Serializes a value as a JSON string and stream it

void writeJSON(loc target, value val, 
bool unpackedLocations=false,
str dateTimeFormat=DEFAULT_DATETIME_FORMAT,
bool dateTimeAsInt=false,
int indent=0,
bool dropOrigins=true,
JSONFormatter[value] formatter = str (value _) { fail; },
bool explicitConstructorNames=false,
bool explicitDataTypes=false
)

This function tries to map Rascal values to JSON values in a natural way. In particular it tries to create a value that has the same number of recursive levels, such that one constructor maps to one object. The serialization is typically lossy since JSON values by default do not explicitly encode the class or constructor while Rascal data types do.

If you need the names of constructors or data-types in your result, then use the parameters:

  • explicitConstructorNames=true will store the name of every constructor in a field _constructor
  • explicitDataTypes=true will store the name of the ADT in a field called _type
  • Check out JSONFormatter on how to use the formatters parameter
  • The dateTimeFormat parameter dictates how datetime values will be printed.
  • The unpackedLocations parameter will produce an object with many fields for every property of a loc value, but if set to false a loc will be printed as a string.

Pitfalls

  • It is understood that Rascal's number types have arbitrary precision, but this is not supported by the JSON writer. As such when an int is printed that does not fit into a JVM long, there will be truncation to the lower 64 bits. For real numbers that are larger than JVM's double you get "negative infinity" or "positive infinity" as a result.

function asJSON

Serializes a value as a JSON string and stores it as a string

Does what ((writeJSON)) does but serializes to a string instead of a location target.
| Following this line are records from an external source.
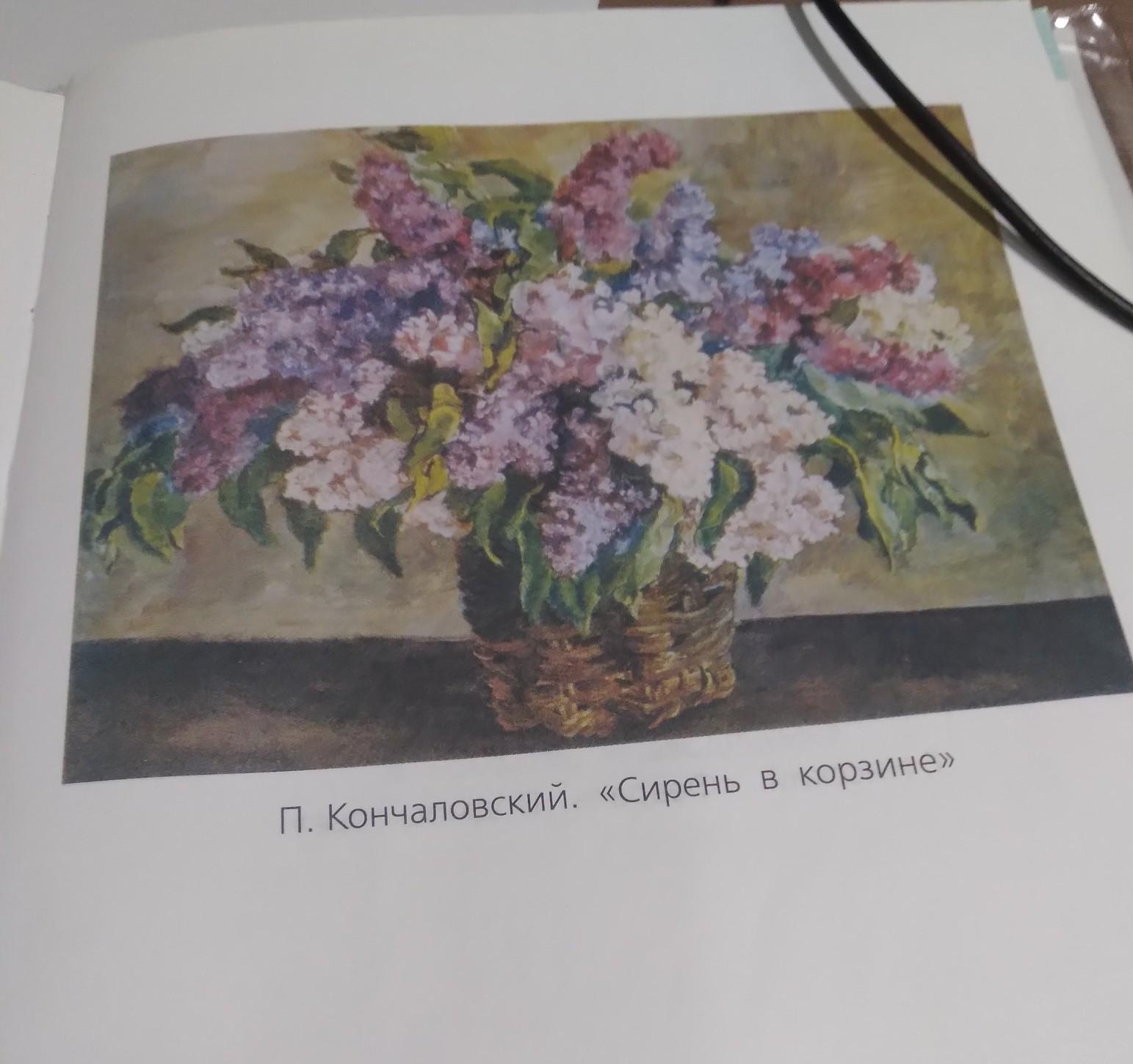 Картина Петра Кончаловского "сирень в корзине" была написана в 1933 году. Сама картина являеться натюрмортом. Мягким контрастом цвета отделен фон от деревянного стола, на котором помещена сплетёная корзинка, из ивы. Корзинка не являеться пустой, она наполнена цветами сирени. Цветами абсолютно разного цвета. Сильно привлекаюшими внимание зрителя. Xудожник пытался передать его теплую любовь к природе.
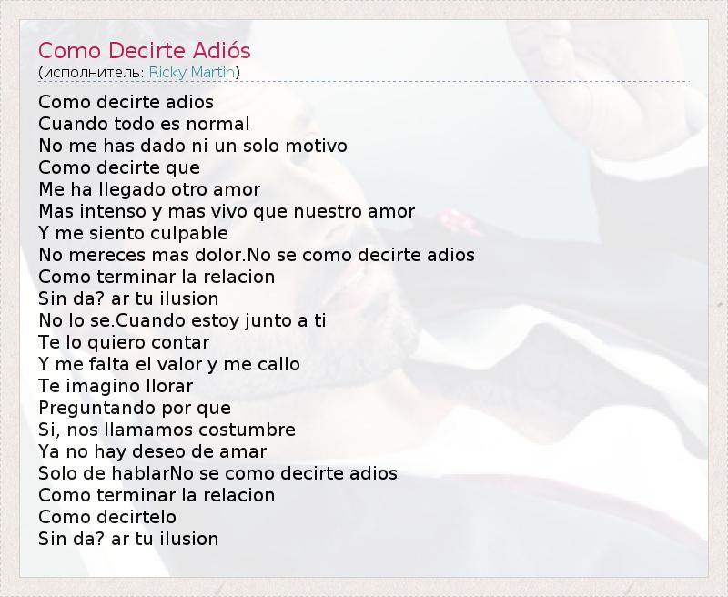 А как ты думаешь, о чем песня "Como Decirte Adiós" ?
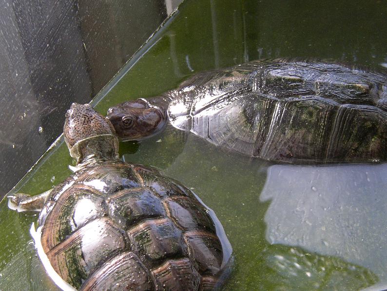 店ではレプトミンスーパーを与えていたそうだが、幸い、我が家に来てからはレプトミンやカメプロスを普通に食べる他、葉野菜も食べてくれている。このサイズでも葉野菜を与えると意外なほど食べるのを初めて知った。”ベビーは肉食傾向が強い”という固定観念に囚われると、却って失敗するのかもしれない。
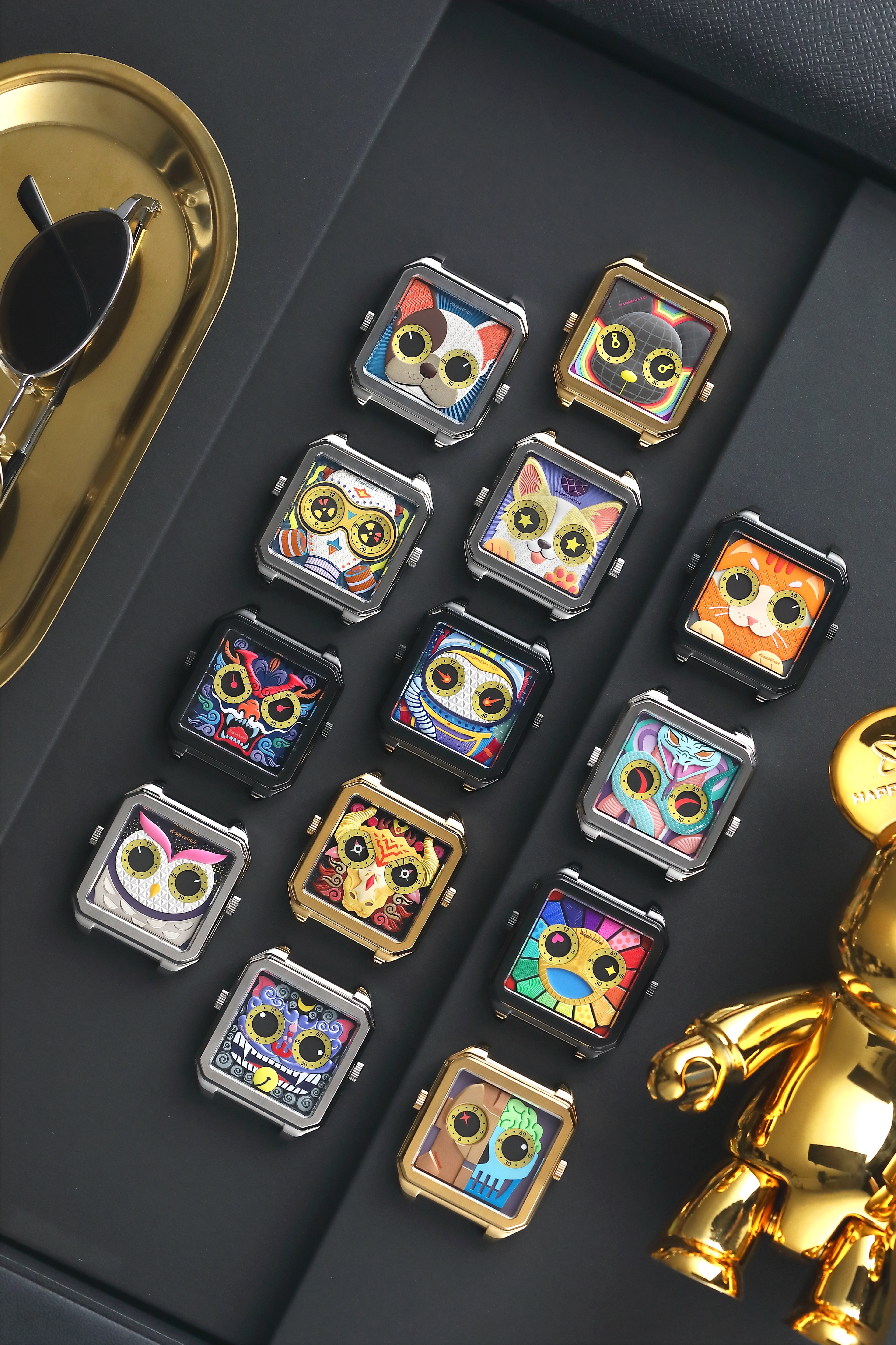 Este reloj transforma tu muñeca en un lienzo en movimiento. Inspirado en la audaz esencia de un girasol floreciente y el arte abstracto, es uno de nuestros relojes más vibrantes y coloridos, con una composición dinámica de colores primarios y formas geométricas que deja una huella impactante.

str asJSON(value val, bool unpackedLocations=false, str dateTimeFormat=DEFAULT_DATETIME_FORMAT, bool dateTimeAsInt=false, int indent = 0, bool dropOrigins=true, JSONFormatter[value] formatter = str (value _) { fail; }, bool explicitConstructorNames=false, bool explicitDataTypes=false)

This function uses writeJSON and stores the result in a string.

alias JSONFormatter

((writeJSON)) and ((asJSON)) uses Formatter functions to flatten structured data to strings, on-demand

str (&T)

A JSONFormatter can be passed to the Write J S ON and As J S ON functions. When/if the type matches an algebraic data-type to be serialized, then it is applied and the resulting string is serialized to the JSON stream instead of the structured data.

The goal of JSONFormat and its dual JSONParser is to bridge the gap between string-based JSON encodings and typical Rascal algebraic combinators.

alias JSONParser

((readJSON)) and ((parseJSON)) use JSONParser functions to turn unstructured data into structured data.

&T (type[&T], str)

A parser JSONParser can be passed to Read J S ON and Parse J S ON. When the reader expects an algebraic data-type or a syntax type, but the input at that moment is a JSON string, then the parser is called on that string (after string.trim()).

The resulting data constructor is put into the resulting value instead of a normal string.

The goal of JSONParser and its dual JSONFormatter is to bridge the gap between string-based JSON encodings and typical Rascal algebraic combinators.

Benefits

  • Use parsers to create more structure than JSON provides.

Pitfalls

  • The type[&T] argument is called dynamically by the JSON reader; it does not contain the grammar. It does encode the expected type of the parse result.
  • The expected types can only be data types, not syntax types.